Опубликовано в журнале Волга, номер 3, 2025
Книга Беллы Ахмадулиной «Ларец и ключ»[1] вышла в 1994 году, но в ней были стихи и середины восьмидесятых. Стройно разделенная на две части, она обещала и композиционную строгость – но стихи казались отступлениями, отростками, пристройками или боковыми дорожками, при всей торжественности образов. Елена Шварц, откликнувшись на книгу[2], сказала, что она «лишь одна из комнат большого и причудливого строения» – далее расшифровав, что речь в стихах книги не о больших жизненных сюжетах, но о специфическом мире шкатулок, цветов, вообще интерьеров и экстерьеров. Ревность и споры, и новые жизненные сценарии – это дело цветов, не людей, это их «ревнивое соперничество и упрек себе за неверность в любви» принадлежит и случайному взгляду из окна, и большой истории былого, теней и следов.
Вероятнее всего, Елена Шварц имеет в виду идеи Ю.М. Лотмана, который в начале 1980-х годов изобрел концепцию семиосферы, а в начале 1990-х продолжал работать над книгой о быте и традициях русского дворянства[3]. Лотман настаивал на том, что дворянство многоязычно, и ни один язык быта нельзя свести к естественному языку в его зафиксированной или привычной форме. Например, язык цветов или игральных карт вполне может заменять эпистолярное объяснение, но этот язык в своей функциональности поддерживается альбомными стихами или хлесткими эпиграммами.
Лотман показывал практическую работу семиосферы как полноты предназначенных к познанию самой культурой смыслов, – с невозможностью свести производство смыслов к уже имеющимся и зафиксированным языковым данным. Семиосфера как среда самоощущения людей, имеющих дело со знаками различных типов, требует, чтобы каждый культурный язык был не до конца полным, но поддерживался радикальным поступающим (от слова поступок) применением какого-то смежного языка. За языком дружбы может последовать язык дуэли, за языком архитектуры – язык философии, самодеятельной или серьезной, за языком масонских тайн – язык самоотверженного труда и постоянства.

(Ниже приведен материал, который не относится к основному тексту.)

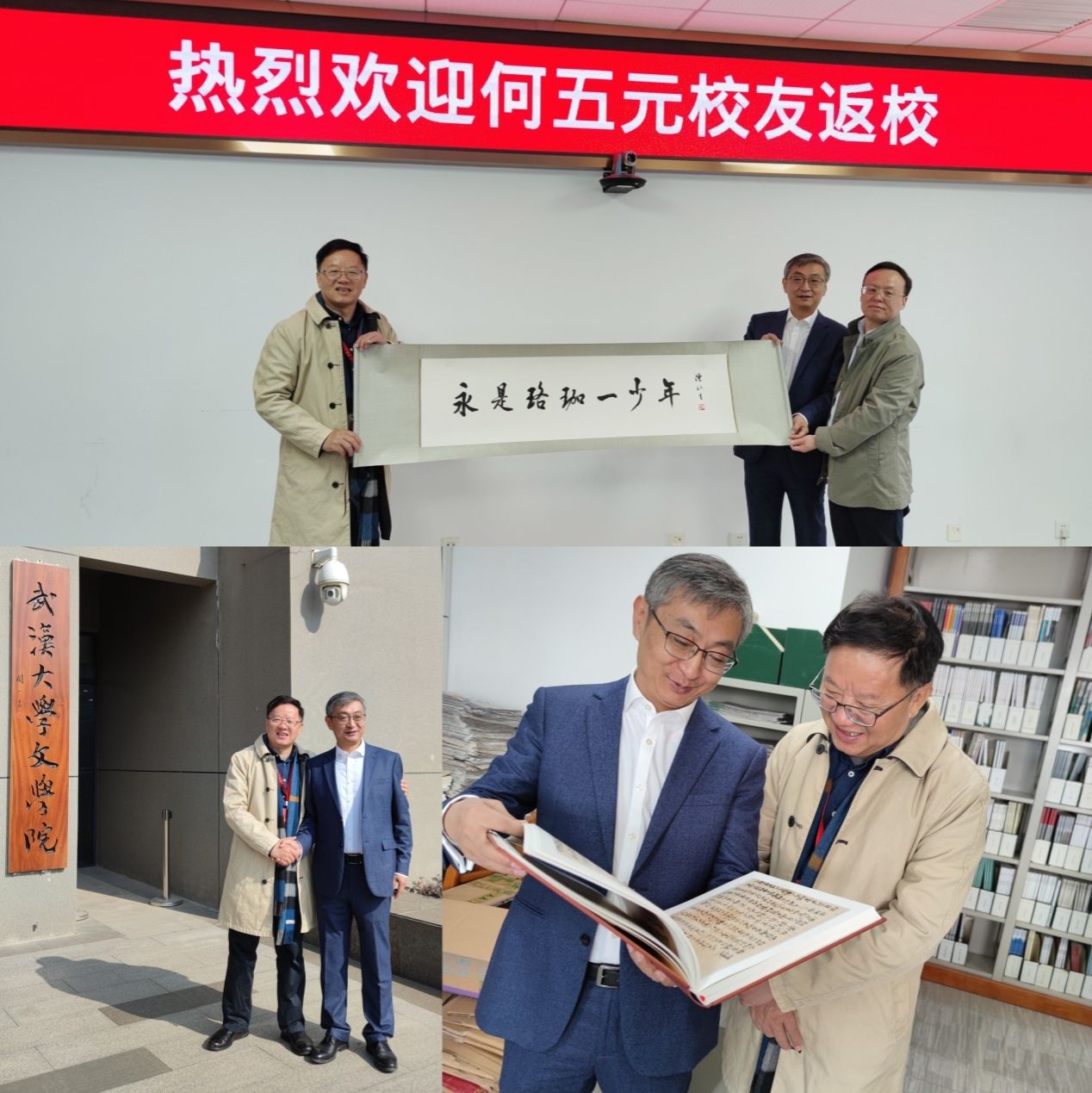 中文系1984级校友,广州市政协委员、水果派解说 广州校友会副会长何五元,11月28日到访水果派解说 ,向学院赠送由他原创、书法家陈初生校友书写的“永是珞珈一少年”。何五元大学期间的习作《珞珈赋》,如今已成为脍炙人口的名篇,镌刻在校门广场。

Лотман в своем труде о дворянском быте отходит от более старой концепции «вторичных моделирующих систем», которой и прославилась тартуско-московская семиотическая школа, – несколько идеализированных образований, вроде обычаев, искусства, религии, которые воспроизводятся из поколения в поколение как моделирующие поведение. Эти моделирующие системы меняются только потому, что взяты в рамку естественного языка, определяющего горизонт такого моделирования, влияния на принятие практических решений, которые всегда надо объяснить другому.
Напротив, поздний Лотман говорит о неустойчивости естественного языка, о том, что он как раз оказывается дрожащим, неопределенным, странным горизонтом, поскольку постоянно требует отступления от правильности – только иностранец говорит совершенно правильно на чужом языке, тогда как реальное употребление естественного языка – всегда авантюры, странности, даже определенное телесное юродство, без которого смысл не будет жить. То, что не принято различать раннего и позднего Лотмана, как различают раннего и позднего Витгенштейна, мешает пониманию в том числе и стихов Ахмадулиной 1980-х и начала 1990-х, которые поздними в ее творчестве вовсе не были.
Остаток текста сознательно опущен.